Não sei responder a isso. Nas revistas era muito claro: havia o objectivo de ter a fotografia publicada. Mas quando ia fotografar, não ia com isso na cabeça. Isso era um processo posterior, quando estava a ver as imagens – qual seria boa para ser publicada, qual iria apresentar aos editores. Ou então havia um pedido prévio da revista, que no fundo é equivalente ao trabalho comercial que faço agora. Claro que havia um lado competitivo entre fotógrafos, que continua a existir de certa forma. Quem consegue fazer uma imagem melhor ou diferente do outro, pelo menos, e isso também é uma motivação.

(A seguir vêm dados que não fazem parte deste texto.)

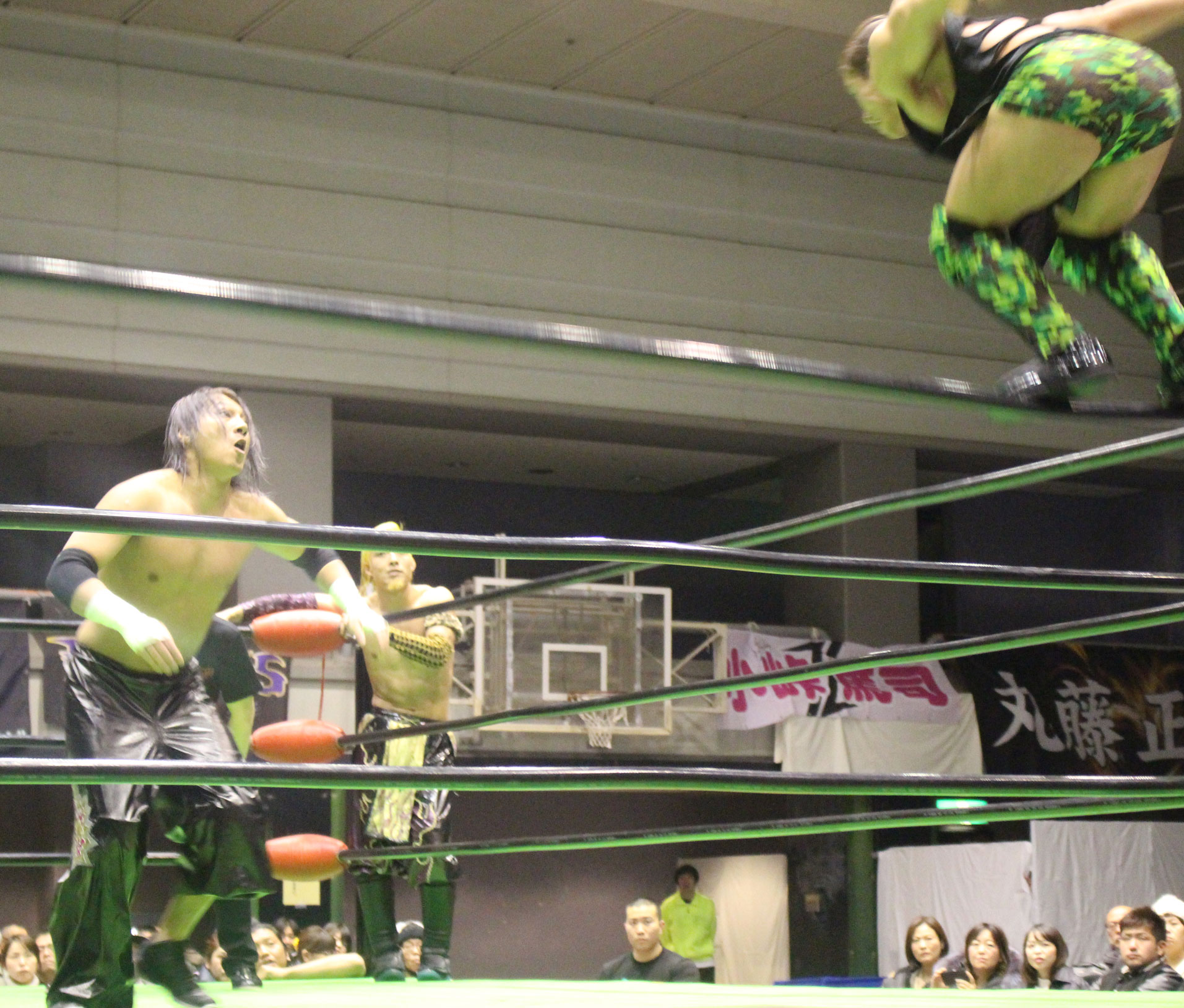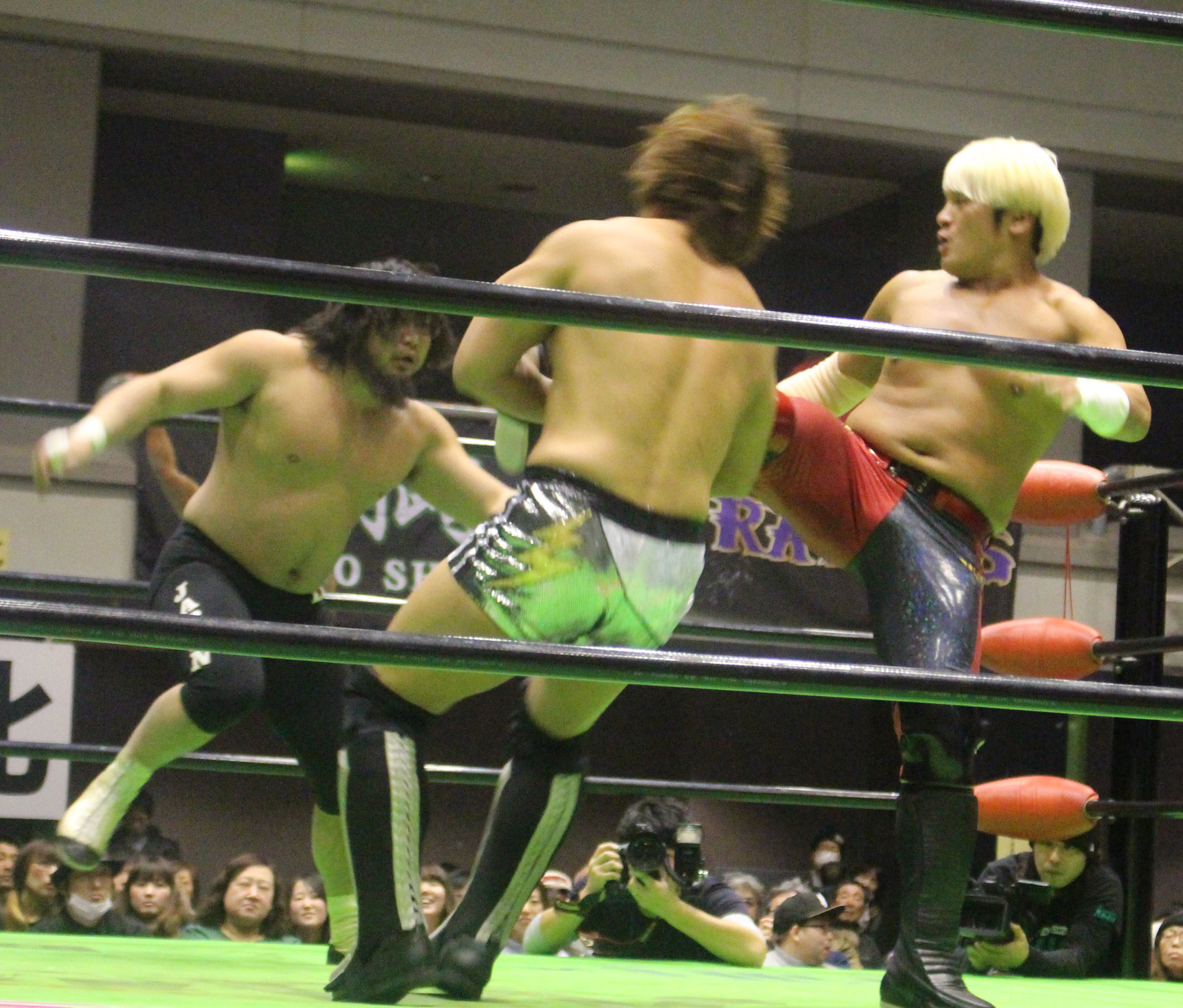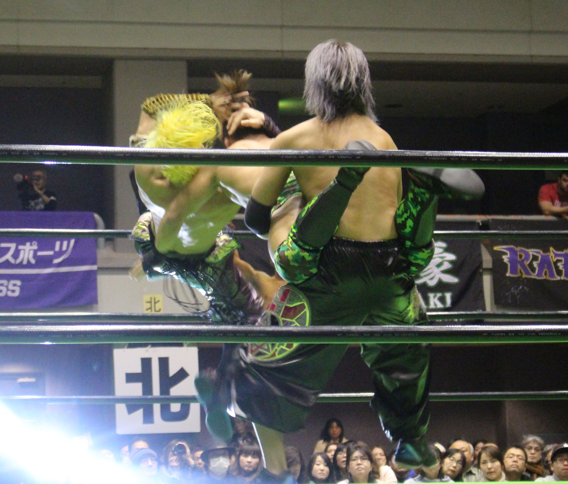 ここで交代を受けたHi69はYO-HEYにトランスレイブからみちのくドライバーで突き刺すと、ストゥーカ・スプラッシュを投下するが、YO-HEYは剣山で迎撃し、ソバットから突進するHi69に顔面Gを炸裂させてから、スーパー顔面Gを投下、だがHi69がかわすと、石森が入ってダブルトランスレイブ、ダブルエキサーII狙いはHAYATAがカットに入るも、石森はYO-HEYをセカンドロープ上にセット。場外めがけてスライディングしながら足をすくって後頭部を叩きつけ、石森の450°スプラッシュで勝負に出るが、かわされて不時着した石森にHAYATAがみちのくドライバーで突き刺す。

Mas essa vontade de continuar a fotografar vem, acima de tudo, desse fascínio pelo mar e pelas possibilidades que tem enquanto assunto para ser fotografado e que está sempre a mudar. Não há dias iguais e eu queria que isso fizesse parte da minha vida. E até houve momentos da minha vida profissional que fizeram despoletar isso. Por exemplo, trabalhei 6 meses numa loja de fotografia – no fundo, experimentei outras áreas completamente diferentes – e percebi que não era aquilo que eu queria que fosse o meu dia-a-dia. Queria que fosse sempre ligado ao mar e à fotografia de mar e tivesse sempre alguma coisa a ver com isso. Às vezes quando digo fotografia de mar até pode ser fotografar um surfista em estúdio, para mim continua a ser uma ligação com o mar e com as pessoas que fazem parte desse meio.

Com o passar do tempo percebi que não é preciso que isso esteja assim tão presente como já esteve na altura em que trabalhava ao mesmo tempo com a SURFPortugal, com a Surf Europe, a Quiksilver. No fundo, o meu dia-a-dia era 90% ligado a isso. Hoje em dia é muito menos. E se há dias em que realmente dá uma certa nostalgia e uma vontade que tudo volte a ser como era, há outros em que é muito claro que até é mais saudável que seja assim para não ser uma coisa tão obsessiva e condicionante. Porque isto condiciona-te os movimentos todos. Cada vez que vais fazer uma coisa diferente, perguntas-te se há ondas boas naquele dia. E se podia estar antes a fotografar o mar. Se podia estar a fazer um trabalho para uma empresa de surf em vez de estar a fotografar outra coisa. Por ter reduzido nos últimos anos essa presença da fotografia de surf, acho que dei e dou mais valor do que dava e torno a relação mais saudável. Deixa de ser tão obsessivo.

Qual seria a melhor banda sonora para o teu livro “Nazaré”?

O livro ainda está muito na fase da imagem para estar a pensar em sons que associaria. A minha banda sonora de há muitos anos para associar vem de um sonho que ainda tenho por concretizar. Gostava muito de um dia fazer um trabalho com o músico Rodrigo Leão, que acompanho há muitos anos. Nunca nos conhecemos, mas é um músico que identifico muito com o meu trabalho. Muitas vezes estou a ouvir no carro quando vou fotografar. Eu e a minha mulher já vimos todos os concertos que podíamos ver, fazemos sempre questão de ir ver. Está ligado à minha vida desde há muitos anos e era uma coisa que um dia gostava de fazer.


Entrevista editada em extensão e para melhorar a experiência de leitura.